Why AE Decoder Can Generate Images

  • The decoder in AE is trained for reconstruction, not generation. The decoder in a vanilla autoencoder only learns to map valid latent codes (produced by the encoder) back to images.

  • If we feed the decoder a random latent vector, the decoder doesn’t know how to interpret it — most likely we’ll get garbage or noise. In contrast, generative models (like VAEs, GANs, diffusion models) train the latent space to follow a structured distribution, so random samples make sense.

  • No structured latent space. Autoencoders don’t enforce any probability distribution over the latent codes. This means the latent space is irregular and discontinuous. Only codes near actual training examples reconstruct to meaningful images. Generative models like VAEs add a regularization term (KL divergence) so the latent space follows, e.g., a Gaussian distribution. That’s what makes sampling possible.

To summarize, why AE can’t be a generative model:

AE doesn’t model the distribution of latent variables $p(z)$ . If you randomly pick $z \in \mathbb{R}^d $ and decode, it usually produces junk. That’s because AE never learns what region of latent space corresponds to real data.

A decoder becomes generative when it can take latent codes sampled from a known prior distribution (e.g., Gaussian) — not just from the encoder — and map them to meaningful, diverse outputs.

VAE

Remember our objective is to find the distribution $p(X)$ such that we can generate images.
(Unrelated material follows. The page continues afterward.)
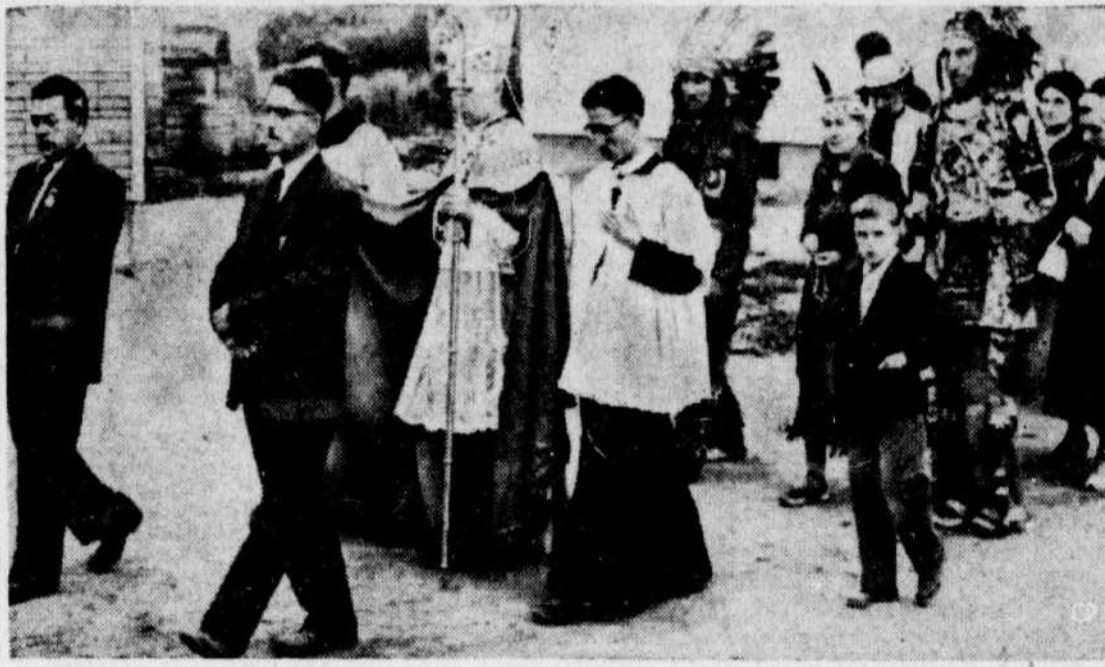
PRIERES POUR LA PLUIE QUI ONT EU DU SUCCES — Les feux de forêts qui font rage depuis le 7 du mois courant dans la région de Forestville, sur la rive nord du fleuve St-Laurent, ont poussé les habitants de la réserve indienne de Bersimis à entreprendre une procession de prières pour obtenir une pluie qui puisse aider à éteindre ces incendies et préserver ainsi les villages avoisinants.

Les enfants courent d'un bout à l'autre des corridors, les bébés pleurent, une demi-douzaine d'enfants font résonner la place de leur toux. Ils ont probablement attrapé le rhume le premier soir, alors que les lits n'étaient pas encore installés et que tout le monde dut dormir sur des matelas étendus sur le plancher.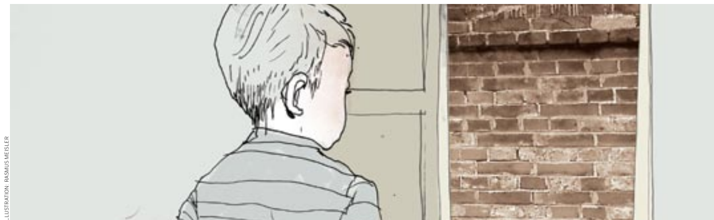
ILLUSTRATION: RASMUS MEISLER

From bayes rule, $$ p(X) = \sum_z{p(X|z)p(z)} $$

If we explicitly model the $p(z)$, we might be able to get a good generative model which is the variational autoencoder. In practice, this is unrealistic because $z$ is in a big space, it’s very hard to sample $z_i$ which is strongly correlated to $x_i$.

The solution is to get a normal distribution for the posterior $p_{\theta}(z | x_i)$. The process is as follows:

  1. Feed data sample $x_i$ to encoder and get posterior $p_{\theta}(z | x_i)$, which is a normal distribution

$$ q_{\phi}(z \mid x) = \mathcal{N}\big(z;, \mu_{\phi}(x),, \sigma_{\phi}^2(x) I \big) $$ It is a multivariate Gaussian distribution with independent dimensions. Why we want it to be a Gaussian distribution, because we can let encoder to output $\mu, \sigma$ to model it. Note that the notation here $q_{\phi}$ is encoder fitting posterior parameterized by $\phi$ and $p_{\theta}$ the real posterior.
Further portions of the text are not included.